Your assignment: Copy every entry exactly as given, minus the images.

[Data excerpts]
● ● ● ● ● ● ●

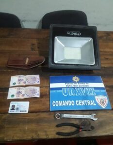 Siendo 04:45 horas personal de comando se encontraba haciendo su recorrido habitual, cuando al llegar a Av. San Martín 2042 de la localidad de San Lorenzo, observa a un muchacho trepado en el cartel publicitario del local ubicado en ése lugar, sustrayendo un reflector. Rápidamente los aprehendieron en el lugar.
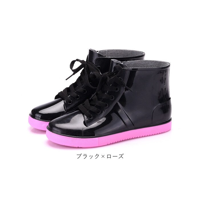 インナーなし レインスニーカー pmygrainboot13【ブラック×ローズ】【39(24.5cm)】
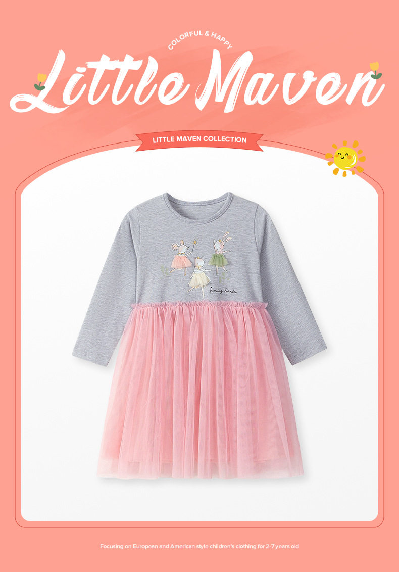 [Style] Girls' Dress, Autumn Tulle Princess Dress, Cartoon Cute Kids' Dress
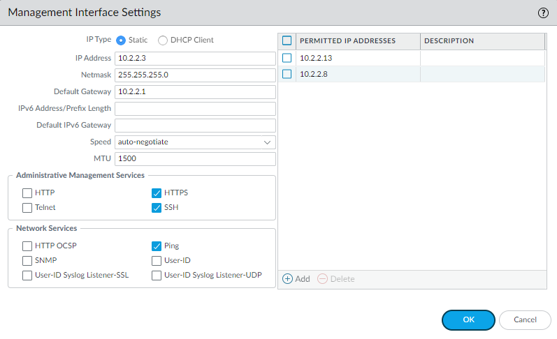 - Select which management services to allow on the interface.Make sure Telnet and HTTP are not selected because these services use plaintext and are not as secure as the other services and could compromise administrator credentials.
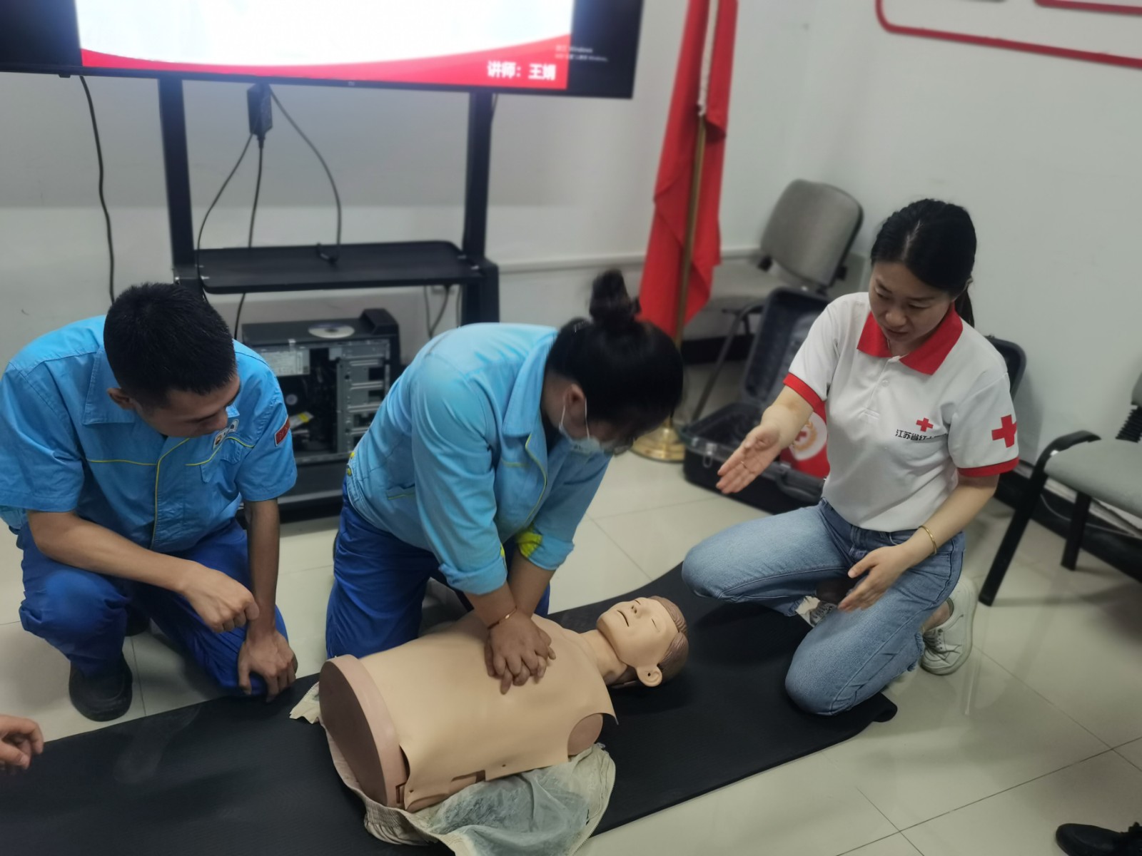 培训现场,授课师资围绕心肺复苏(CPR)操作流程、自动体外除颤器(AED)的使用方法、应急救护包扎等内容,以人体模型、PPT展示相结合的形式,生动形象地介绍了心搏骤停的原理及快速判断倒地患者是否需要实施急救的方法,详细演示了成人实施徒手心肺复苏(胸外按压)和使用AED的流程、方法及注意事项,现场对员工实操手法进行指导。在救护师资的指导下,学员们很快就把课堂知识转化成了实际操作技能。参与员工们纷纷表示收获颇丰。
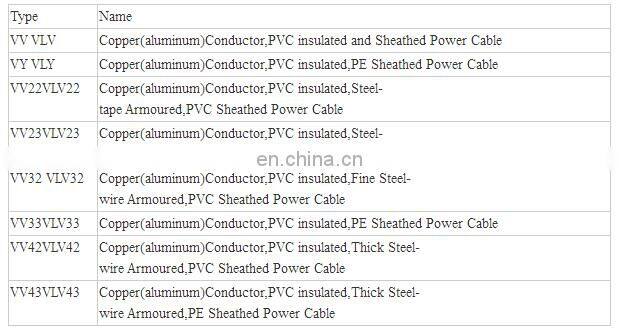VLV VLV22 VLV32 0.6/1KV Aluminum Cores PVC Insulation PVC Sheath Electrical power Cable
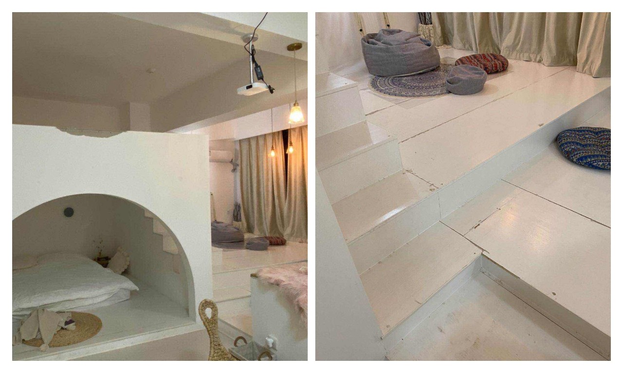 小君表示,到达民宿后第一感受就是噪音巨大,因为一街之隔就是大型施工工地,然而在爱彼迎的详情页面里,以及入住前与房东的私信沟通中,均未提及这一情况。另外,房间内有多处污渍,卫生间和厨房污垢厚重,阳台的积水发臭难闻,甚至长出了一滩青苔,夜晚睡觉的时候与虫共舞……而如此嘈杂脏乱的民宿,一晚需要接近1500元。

● ● ● ● ● ● ●

Solution:
 Siendo 04:45 horas personal de comando se encontraba haciendo su recorrido habitual, cuando al llegar a Av. San Martín 2042 de la localidad de San Lorenzo, observa a un muchacho trepado en el cartel publicitario del local ubicado en ése lugar, sustrayendo un reflector. Rápidamente los aprehendieron en el lugar.
 インナーなし レインスニーカー pmygrainboot13【ブラック×ローズ】【39(24.5cm)】
 [Style] Girls' Dress, Autumn Tulle Princess Dress, Cartoon Cute Kids' Dress
 - Select which management services to allow on the interface.Make sure Telnet and HTTP are not selected because these services use plaintext and are not as secure as the other services and could compromise administrator credentials.
 培训现场,授课师资围绕心肺复苏(CPR)操作流程、自动体外除颤器(AED)的使用方法、应急救护包扎等内容,以人体模型、PPT展示相结合的形式,生动形象地介绍了心搏骤停的原理及快速判断倒地患者是否需要实施急救的方法,详细演示了成人实施徒手心肺复苏(胸外按压)和使用AED的流程、方法及注意事项,现场对员工实操手法进行指导。在救护师资的指导下,学员们很快就把课堂知识转化成了实际操作技能。参与员工们纷纷表示收获颇丰。
VLV VLV22 VLV32 0.6/1KV Aluminum Cores PVC Insulation PVC Sheath Electrical power Cable
 小君表示,到达民宿后第一感受就是噪音巨大,因为一街之隔就是大型施工工地,然而在爱彼迎的详情页面里,以及入住前与房东的私信沟通中,均未提及这一情况。另外,房间内有多处污渍,卫生间和厨房污垢厚重,阳台的积水发臭难闻,甚至长出了一滩青苔,夜晚睡觉的时候与虫共舞……而如此嘈杂脏乱的民宿,一晚需要接近1500元。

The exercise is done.